Saturday, May 10, 2014

Ponder Post: Money, Money, Money

When the kids were little we went to a seal and sea otter show at Sea World. An amusing part was this cute little otter who repeatedly darted across the stage on his hind legs, stealing small items with a voice over proclaiming in a wee voice Money, Money, Money – I'll be Rich, Rich, Rich! That is the way I felt tonight.

This adorable sea otter proclaims that he will be rich, rich, rich!

First let me set the stage. Frank has been working very hard stripping wallpaper in the bedroom... bit... by bit... by little bit... by itty-bitty bit.

I asked Frank to smile for the camera. I think this is as big a grin as removing wallpaper merits.

Part of the bedroom redecorating also involves, what else, clutter reduction. There has been a fish bowl on the window ledge where Frank would dump his spare change periodically.

This fish bowl, complete with cloudy lined lime deposits from its fish home days
 had been repurposed to catch Frank's pocket change.

As a break from peeling paper, Frank suggested we go off this evening on an adventure to find a location where we can cash in the coins without paying a fee of 10% or so to do it. On the drive over I asked him how much money he though was in the fish bowl. He guessed $122. I had no idea but based on Frank's guess, which I thought was high, I guessed $85.  Our local grocery store had a Coinstar machine up front beyond the cash registers. As it turns out if you are willing to accept a gift card instead of cash, there is no fee and you get 100% of the worth of your coins.

Here is typical Coinstar machine. Note tray at left to feed in coins, horseshoe shaped output at center for receipt and trough below for rejected coins and other miscellaneous stuff.

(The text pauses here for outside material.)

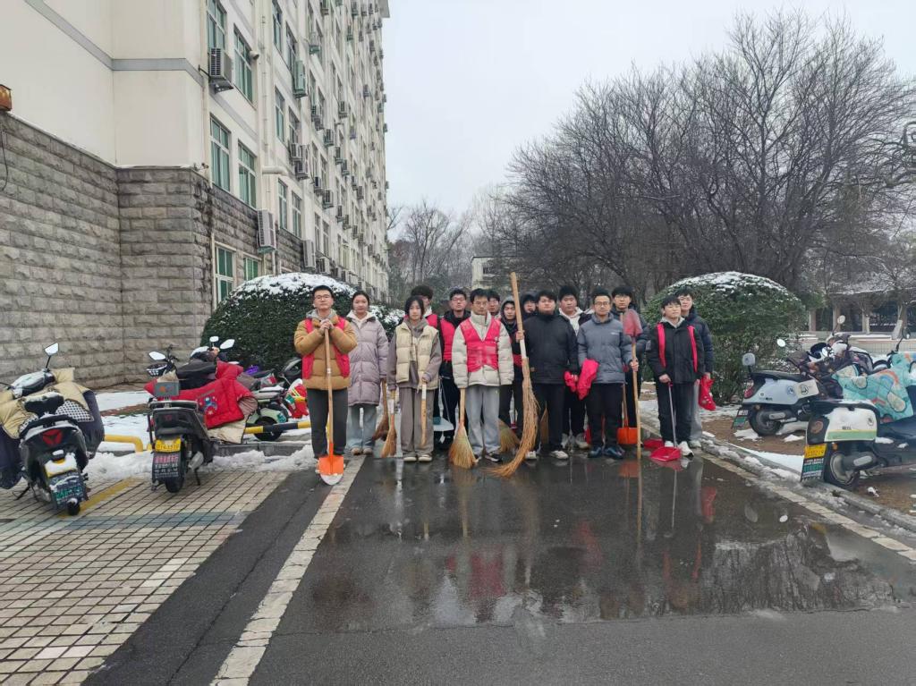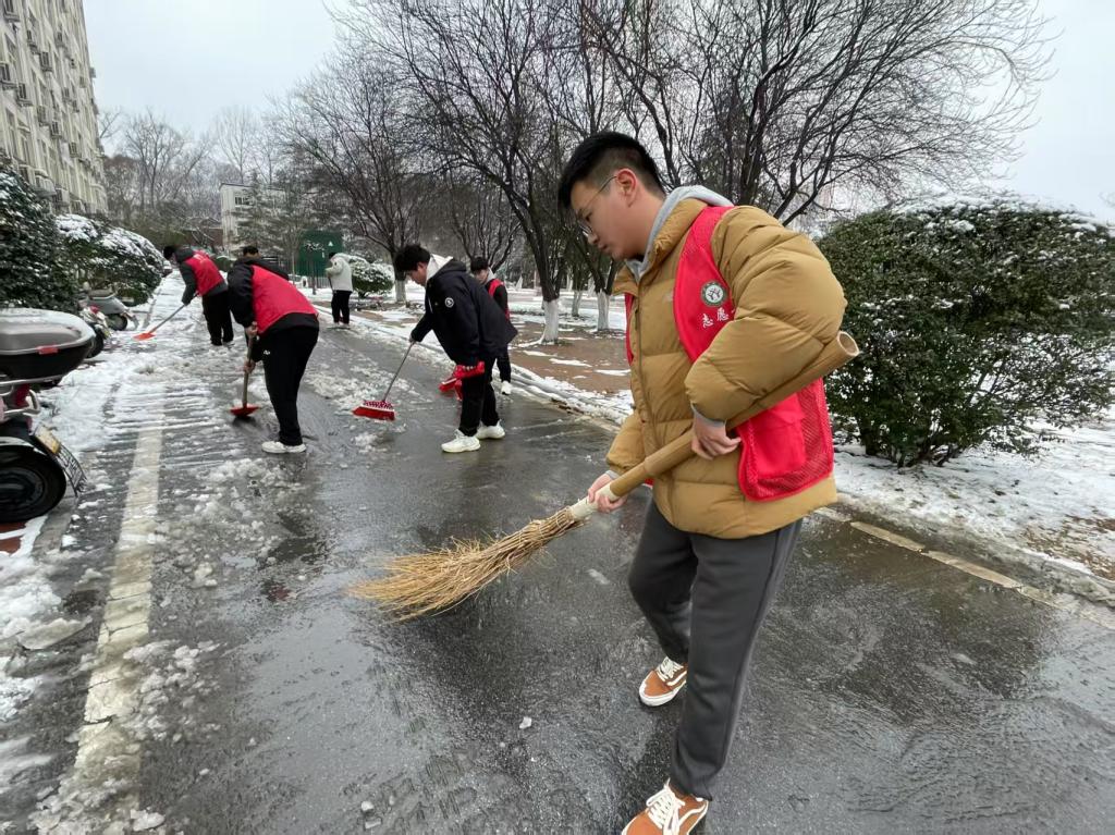 我院青年大学生们在冰雪中用实际行动诠释了青年担当。他们的身影不仅为寒冬增添了暖意,更展现了新时代青年服务社会、勇于奉献的精神风貌。

I shop online at Amazon a lot and so we opted for an Amazon gift card. We dumped the coins into a tray at the left, used its red handle to tilt the tray, and fed the coins into a slot midline on the machine. The screen gave us progress messages, saying to wait while it caught up and displaying a running count of the number of dollars, half dollars, quarters, dimes, nickels, and pennies. We did get a warning message that some coins had been rejected and we should check for them in the trough below. We did. We found a few coins, and fed them back through the machine again, this time successfully. There were two items we did not feed through again – a washer and a sprinkler head part.

Not legal tender.

We collected our receipt for an Amazon gift card from the central horseshoe shaped output port. Both Frank and I had guessed low. There had been $143.27 in that fishbowl!

All that metal just for this slip of paper.
Pretty pricey piece of paper.

Before we could lose this small piece of paper we went directly home. I logged into my Amazon account, entered the gift card code and voila- there was a credit for $143.27 available for use and with no expiration date.

This is my proof from Amazon that the money really did go somewhere.

Isn't modern technology wonderful? Isn't the spirit of recycling great? In less than 15 minutes we converted half a scratched-up glass fishbowl's worth of heavy, dirty, metal coins into one slip of paper and two pieces of hardware. That slip of paper, with a few keystrokes and the help of a few zippy electrons became $143.27.

I can now spend that $143.27 on Amazon to replenish the clutter we just removed! 

1 comment:

  1. Heh. Well, the nice thing about Amazon credits is that you can (and probably will) spend at least some of them to send clutter to, say, your grandkids' houses instead. And I am glad you guys got the wallpaper out of the master bedroom - it looks really great and we enjoyed the beachy theme when we stayed there.